▶ **RECORDS SHOWN**

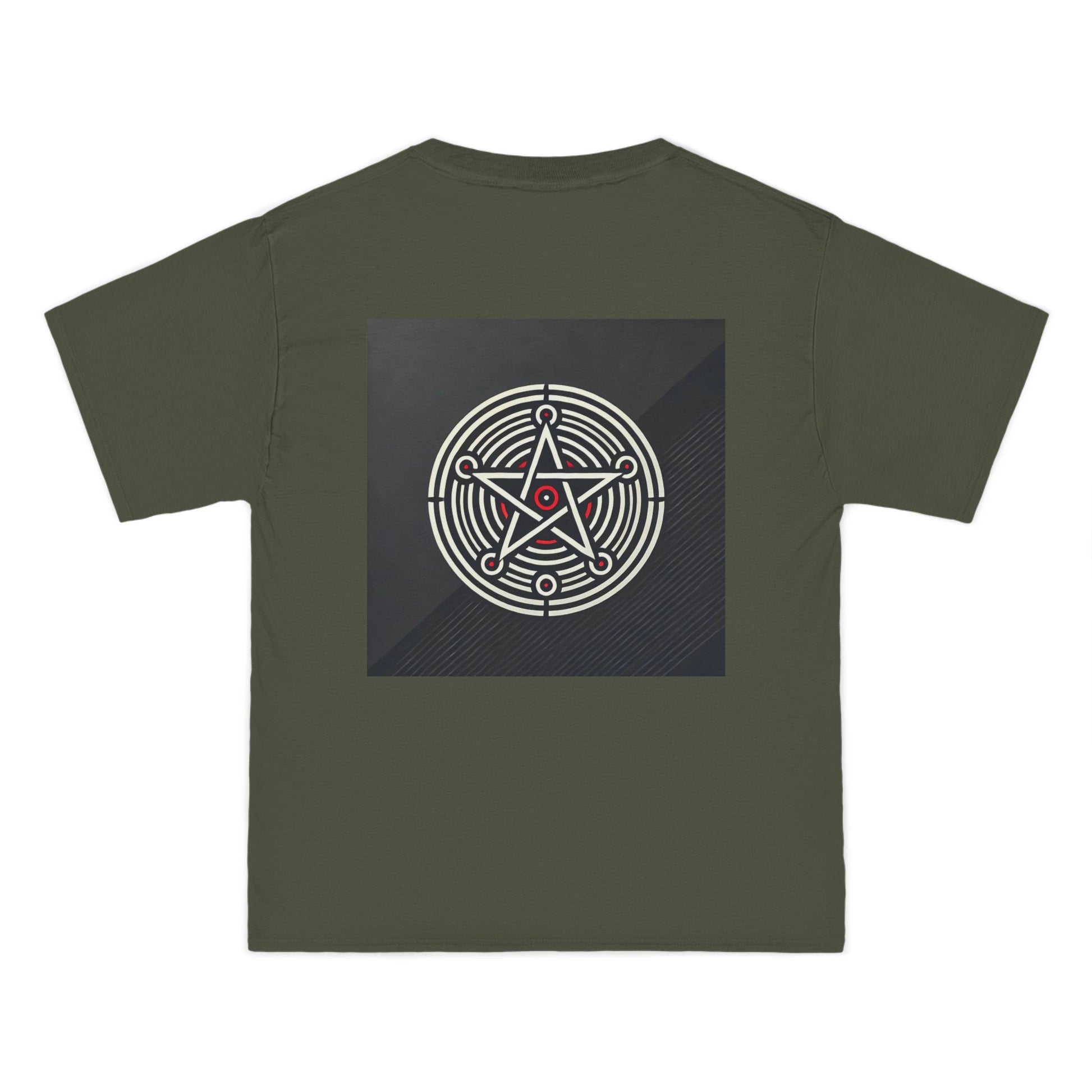 Embrace the night with our Pentagram: Gothic Streetwear, a perfect testament to the blend of creativity and fashion. This bold black and white Pentagram design with striking red accents, encased in intricate circular elements, is more than just a style statement. It's a wearable art piece, a canvas for you to express yourself and wear your world.
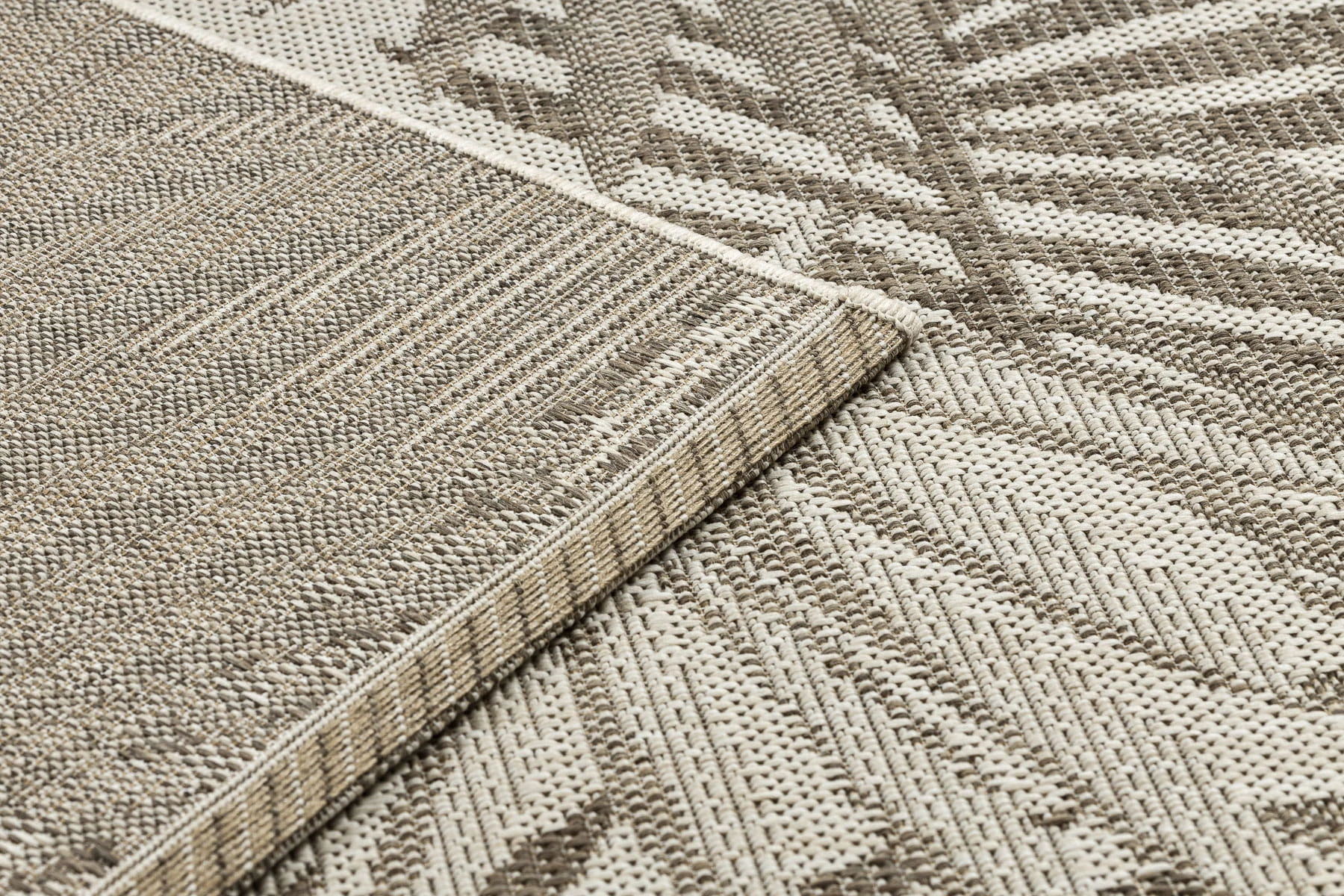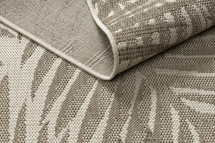 Sznurkowy dywan z motywem liści w odcieniach beżu i ciemnoszarości, odporny na warunki atmosferyczne, idealny na taras i balkon.
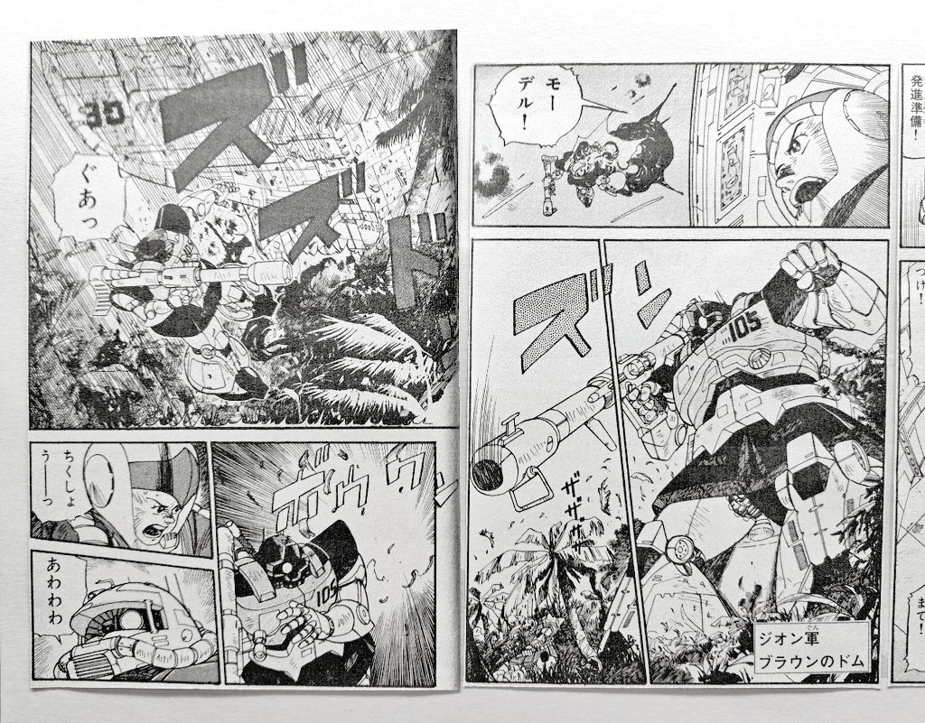MS戦記のジャブローへの降下の回のドムシーンを紹介します。主人公のブラウンが戦場で戦う姿が大変リアルでした。当時はプラモ狂四郎と並ぶ熱い感動を呼ぶ漫画でした。このMS戦記は永遠の傑作漫画だと思います。
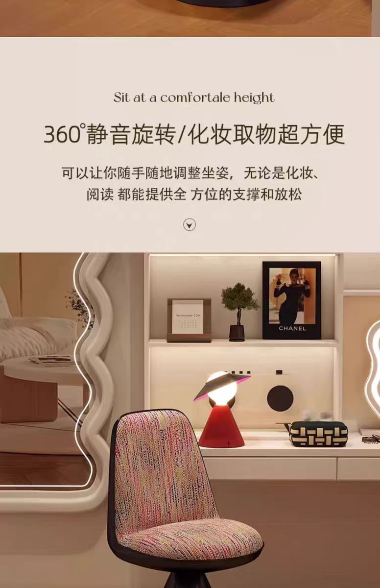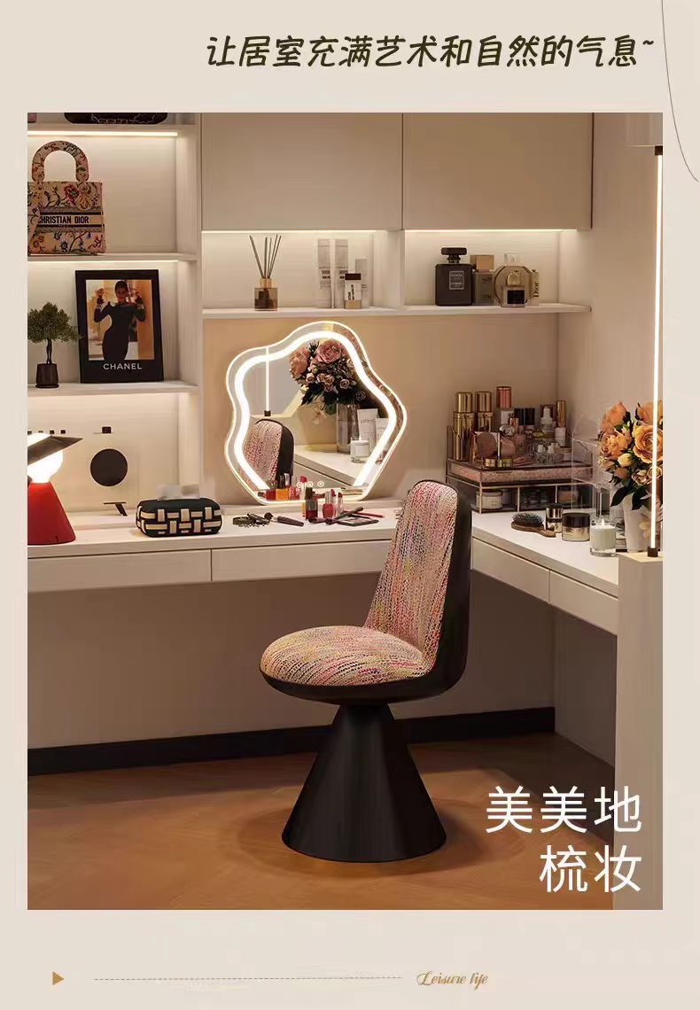 卧室轻奢化妆椅子意式高级化妆凳可旋转靠背梳妆台凳小香风罗比椅
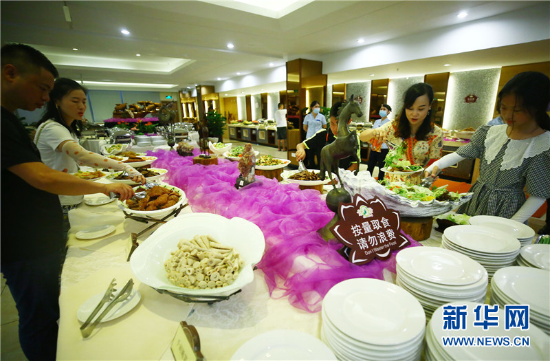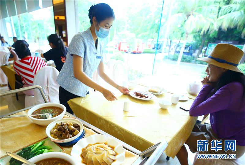 8月12日,游客在三亞南山文化旅游區緣起樓素齋自助餐廳取餐。新華網發(陳文武攝)
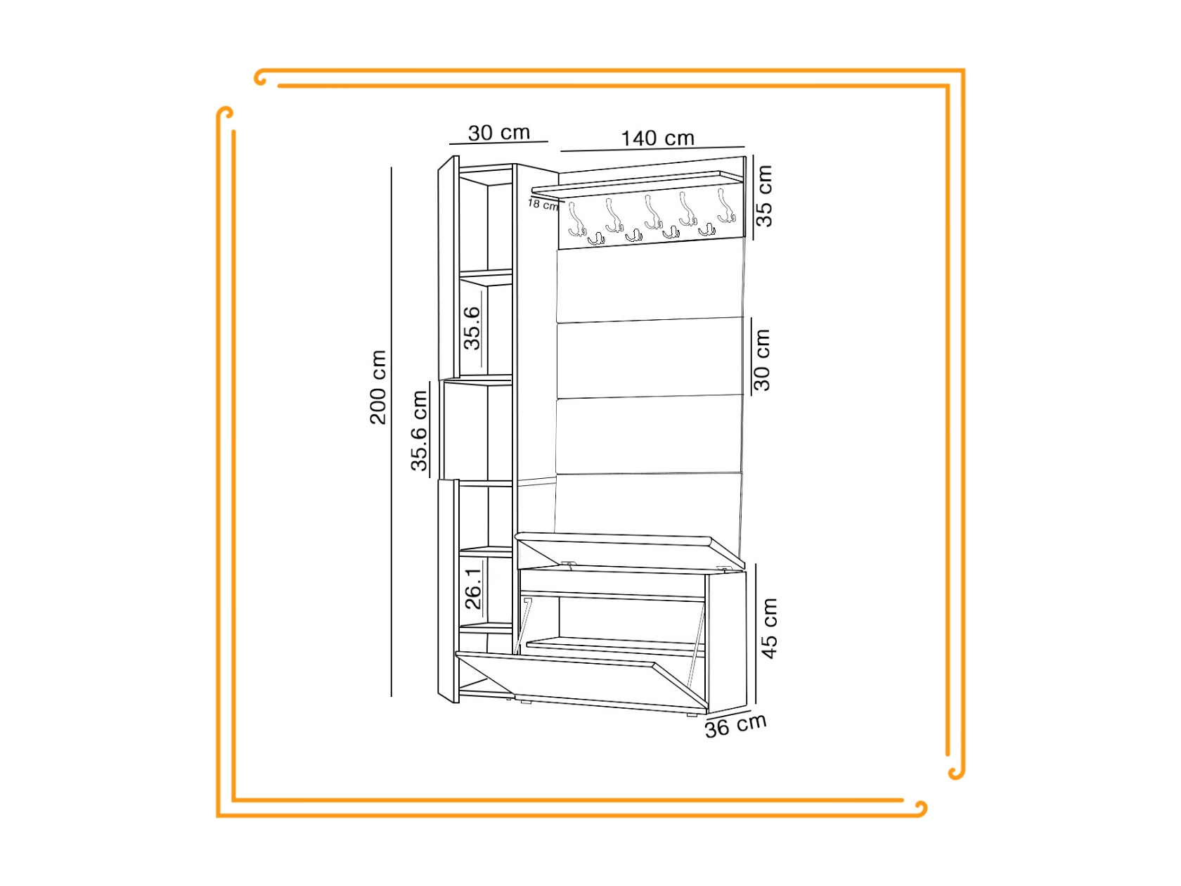 Vestiaire d’entrée avec assise, patères et panneau rembourré – Chêne Sonoma

▶ **AIM OF THE TASK**
The copy you return must match the records above exactly, minus any images.

▶ **ANSWER AREA**
 Embrace the night with our Pentagram: Gothic Streetwear, a perfect testament to the blend of creativity and fashion. This bold black and white Pentagram design with striking red accents, encased in intricate circular elements, is more than just a style statement. It's a wearable art piece, a canvas for you to express yourself and wear your world.
 Sznurkowy dywan z motywem liści w odcieniach beżu i ciemnoszarości, odporny na warunki atmosferyczne, idealny na taras i balkon.
MS戦記のジャブローへの降下の回のドムシーンを紹介します。主人公のブラウンが戦場で戦う姿が大変リアルでした。当時はプラモ狂四郎と並ぶ熱い感動を呼ぶ漫画でした。このMS戦記は永遠の傑作漫画だと思います。
 卧室轻奢化妆椅子意式高级化妆凳可旋转靠背梳妆台凳小香风罗比椅
 8月12日,游客在三亞南山文化旅游區緣起樓素齋自助餐廳取餐。新華網發(陳文武攝)
 Vestiaire d’entrée avec assise, patères et panneau rembourré – Chêne Sonoma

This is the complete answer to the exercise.